As I understand, my applications are compiled for use with my specific processor, so making a straight partition copy is out of the question.

What leads you to this conclusion? At least for x86, the packages installed by Kubuntu are compiled to run on practically all non-prehistoric CPUs. I believe they will run on anything newer than a 486, which probably does not pose a problem in your case :-).

So a straight partition copy should work just fine:

  • copy partitions (or just copy the files using cp -a , if your partition layout changed)
  • adapt /etc/fstab to new partition layout
  • reconfigure bootloader for new partitions, and reinstall bootloader
  • boot & enjoy

Problems are only to be expected for:

  • self-compiled packages, but even there, most will by default compile for all modern CPUs, unless you play with compiler options
  • device drivers

Most modern kernels autodetect hw on boot, so usually even drivers should be ok, but if things fail, you can usually boot in single-user mode and fix any driver issues.

  • If this works my life will be much easier. Thanks! I will try this first.
    – curious
    Jan 30, 2010 at 1:41

You can take your home directory without any changes. Almost everything that goes into a home directory is designed to be sharable over something like NFS, so you are good.

Also, save your package selection with

sudo dpkg --get-selections '*' >file.txt

and restore it on the other machine with

sudo dpkg --set-selections <file.txt

Similarly, save your debconf settings with

sudo debconf-get-selections >file2.txt

and restore with

sudo debconf-set-selections <file2.txt

For the rest of the configuration in /etc that is not managed by debconf, it is hard to track what was manually changed, unless you have used something like etckeeper (perhaps an idea for the future). For that reason, I tend to keep most of my configuration in my home directory. But since you know which programs you are interested in, it should be easy to find the relevant files in /etc and check and copy them manually.

  • 1
    Yes, if you are migrating to a different architecture, this is the way to go. As a side note: Just make a copy of /etc/ somewhere safe, then you can selectively restore config files when you need them on the new system.
    – sleske
    Jan 29, 2010 at 9:34

You can backup your home, and restore it to the other machine. This cannot fully fulfill your need, but it will restore all the configuration.
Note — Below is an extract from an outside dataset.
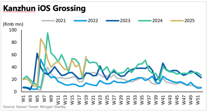 一季度计算得流水增速是6%,相比上季度回暖主要是基数问题。环比来看,压力变化如同去年一季度,即较往年逊色。参考SensorTower的流水数据,今年开年以来的表现,其实和去年差不多,流水增速压力并不小。

You have to reinstall the packages yourself, though.


A vast majority of custom configurations will be in /home/, with most of the rest in /etc/. some of the /etc files have machine or hardware specific information (/etc/X11/xorg.conf, /etc/hostname, /etc/fstab off the top of my head), but much of it can just be copied over if you are going to be using the same OS version.
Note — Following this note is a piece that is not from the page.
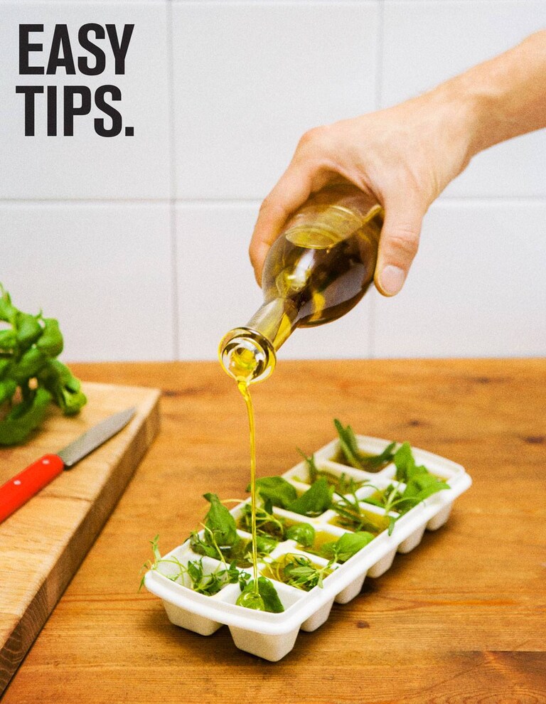 ![]() ПРИГОДИТСЯ ДЛЯ ГОТОВКИ ПРИГОДИТСЯ ДЛЯ ГОТОВКИНе удалось использовать все свежие приправы? Заморозьте их в морозильнике с оливковым маслом для использования впоследствии.

  • Of the things you listed, MySQL is the only one that will likely have configuration in /etc/ you may want to copy, the rest are in /home/ Jan 29, 2010 at 6:56

Seconding the get,set selections thing.

To know exactly which conffiles have changed, run this:

dpkg-query --show --showformat='${Conffiles}\n' |sort -u | \
while read f m obsolete; do \
  [[ -r $f ]] || continue; m2=$(md5sum "$f") ;
  [[ $m2 != "$m  $f" ]] && echo "$f";
done |xargs -n1 dlocate  |tee ~/edited-conffiles

If you don't have dlocate installed already, you can replace it with dpkg -S or skip that part.

To back up all conffiles:

dpkg-query --show --showformat='${Conffiles}\n' |sort -u | \
while read f m obsolete; do \
  echo "$f"
done |sudo tar cjf ~/conffiles.tbz2 -T -

Hmm. If you don't mind a bit of fiddling you could plug the new HDD into your box, mount it then use dd. For example, if your current root is set to /dev/sda3 and you mounted the new HDD to /dev/sdb2 you would use

dd if=/dev/sda3 of=/dev/sdb2

You'll need to do that as root, of course. After that you'll be wanting to install Grub, so you need to put an Ubuntu LiveCD in and use that.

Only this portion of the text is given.